We should also mention that the afore-described effect enables to smooth the work of one’s heart while practicing Ashtanga exercises.
3. Moreover, if we go back to the fact that motor nucleus of the pneumogastric nerve is “conjoint” with motor nucleus of the accessory nerve that is responsible for the work of the sternocleidomastoid and trapezoid muscle, we may assume laxation of enlisted muscles in case of excitement accumulation in motor neuron. This shall enable us to recommend this type of respiration as “relaxation” for individuals with reflectory tense neck.

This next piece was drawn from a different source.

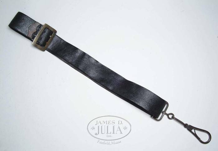RARE CONFEDERATE CIVIL WAR CAVALRY CARBINE SLING. In a letter from noted leather authority Stephen Dorsey, he states that, “the sling has been vetted by Paul Johnson, an author of a book on CW leather, and Fred Gaede, recent past editor of the Company of Military Historians Journal and an upcoming work on the American cap pouch. The three of us are “critical mass” on leather, I think, and we all agree that: 1. It is a Confederate-manufactured carbine sling and, 2. It is the only one known. There may be others, but they are, to date, unsung.” Mr. Dorsey goes on to state that while the piece was in his collection, a stamp “7 VA” could be found on the leather. It was a “flat stamp” and over a period of time, after treating the leather with oil, the mark “disappeared”. This Cavalry sling is similar in construction to standard US issued type. This, however, has a cruder carbine hook, tip, and buckle. The tip is attached with 4 integral studs. Sling buckle similar to US. CONDITION: Leather body is sound with some insect damage. Crazing and protectorate on leather. Brass tip has red coppery patina. Sling buckle has yellow brass patina. Sword hook is uncleaned with gray/brown surfaces. 4-56212 (5,000-10,000)

4. We believe that Ujjayi impact upon organism goes beyond those aforelisted, and thus we shall mention at least one more nuance of the practice: the permanently preserved thoracic cavity supertension. It is interesting since methods of similar kind are suggested by academician A. P. Sielber, the setter and ideological inspirer of respiratory medicine in Russia. Under his supervision they perform active elaboration and implementation of “positive expiratory-end pressure” and “permanent positive pressure” techniques for treatment of patients with respiratory system pathologies. In fact these methods come as analogues of yogic Ujjayi. And probably the main difference between these practices is that in clinics they use special devices for this very purpose while in our practice of yoga we use resources of our own organism. Research studies show that these regimes increase alveolaris volume due to expansion of accessory alveoli, they improve pulmonary distensibility and prevent from emergence of the so-called gas tapping or expiratory closure of respiratory passages (the essence of this phenomenon in healthy organism lies in alveoli collapse in case of forced expiration and sealing of exhausted air within them, thus preventing the inflow of oxygen-saturated air during further inspiration. People who suffer from respiratory malfunctions show much more registered cases of this effect than those with normal respiration). Besides, it results in increase of cumulative pulmonary capillary area thus facilitating increase of blood oxygenation and discharge of lactic acid that is generated at the time of asanas practice. This effect explains the absence of muscle fever (DOMS) after fairly intensive muscular practice of Ashtanga.
These are the main effects from performing Ujjayi, though we assume there may be other effects of this pranayama influence upon human organism that come in addition to those mentioned.
We shall once again enlist those described:
1. Rise of parasympathetic tonus and laxation of skeleton muscles that enables one to perform a more effective rearrangement of body motor stereotypes in the following practice of asanas and “eases down” one’s heart.
2. Improvement of a number of criteria that characterize pulmonary ventilation and blood-supply, this being important on its own. Moreover, this effect facilitates a fairly physiologic organism oxygenation and prevents muscles from accumulation of lactic acid that is generated in terms of intensive practice.
3. Reflexory laxation of the neck muscles.